What is an equation of the line tangent to the graph of f(x)=x2(2x+1)3 at the point where x=-1?
(that's x squared (2x+1)cubed)
I'm having trouble finding the derivative:f'(x)which would be the slope (m).
To find the derivative, you must use the product rule
f'(x) = u'*v + u*v'
So,
f(x) = x^2*(2x+1)^3
f'(x)=(2x)(2x+1)^3+(x^2)(3)(2x+1)^2(2)
(need chain rule, too)
Simplify
(2x)(2x+1)^2(5x+1)
(10x^2+2x)(2x+1)^2
In the form
y-y1 = m(x-x1)
y+1 = (10x^2+2x)(2x+1)^2(x+1)
To find the equation of the line tangent to the graph of f(x) at the point where x = -1, we first need to find the slope (m) of the tangent line. The slope can be determined by finding the derivative of the function f(x). Let's go through the steps to find the derivative:
Step 1: Start with the given function f(x) = x^2(2x + 1)^3.
Step 2: Expand the expression inside the parentheses using the power rule: (2x + 1)^3 = 8x^3 + 12x^2 + 6x + 1.
Step 3: Apply the product rule to find the derivative. The product rule states that the derivative of the product of two functions u(x) and v(x) is given by u'(x)v(x) + u(x)v'(x). In this case, the two functions are x^2 and (8x^3 + 12x^2 + 6x + 1).
f'(x) = (x^2)'(8x^3 + 12x^2 + 6x + 1) + (x^2)(8x^3 + 12x^2 + 6x + 1)'.
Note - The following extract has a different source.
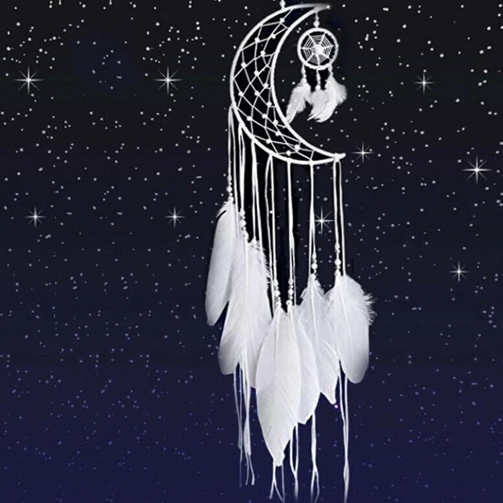 Ветряные куранты, Свадебный домашний декор, белая луна, полумесяц, Ловец снов, перо, подвесное украшение для дома7 долларов США
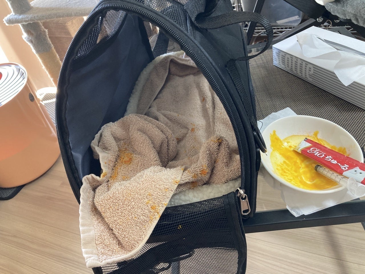 固形物のごはんをまったく食べられない状態で、高価な薬もカプセルでの投薬が嫌がってしまい飲んでくれず、カプセルの中身をチュールに混ぜて注射器で口腔投与を試みるものの、カリラは大変嫌がり無理やりに飲ませる格闘を毎日2回、各1時間程度行う日々が始まりました。なんとか一部飲ませることに成功していますが、嫌がることを無理に行う猫と飼い主の両方のストレス・・・いつ死んでしまうか分からない容態、もし今回も助けられなかった時を想像した時の自分、本当に精神的に辛いです。

Step 4: Simplify each derivative using the power rule:
f'(x) = 2x(8x^3 + 12x^2 + 6x + 1) + x^2(24x^2 + 24x + 6).
Step 5: Combine like terms:
f'(x) = 16x^4 + 24x^3 + 12x^2 + 2x + 24x^3 + 24x^2 + 6x^2 + 6x.
Step 6: Simplify further:
f'(x) = 16x^4 + 48x^3 + 18x^2 + 8x.
Now that we have the derivative, we can evaluate it at x = -1 to find the slope at that point.
Step 7: Substitute x = -1 into the derivative:
f'(-1) = 16(-1)^4 + 48(-1)^3 + 18(-1)^2 + 8(-1).
Simplifying, we get:
f'(-1) = 16 - 48 - 18 - 8 = -58.
Therefore, the slope (m) of the tangent line to the graph of f(x) at x = -1 is -58.
To find the equation of the line tangent to the graph at x = -1, we have the slope (-58) and the point (-1, f(-1)). We can use the point-slope form of the equation of a line to get the equation.
Step 8: Plug in the values into the point-slope form:
y - y1 = m(x - x1), where (x1, y1) = (-1, f(-1)).
Substituting these values:
y - f(-1) = -58(x - (-1)).
Simplifying:
y - f(-1) = -58(x + 1).
This is the equation of the line tangent to the graph of f(x) = x^2(2x+1)^3 at the point where x = -1.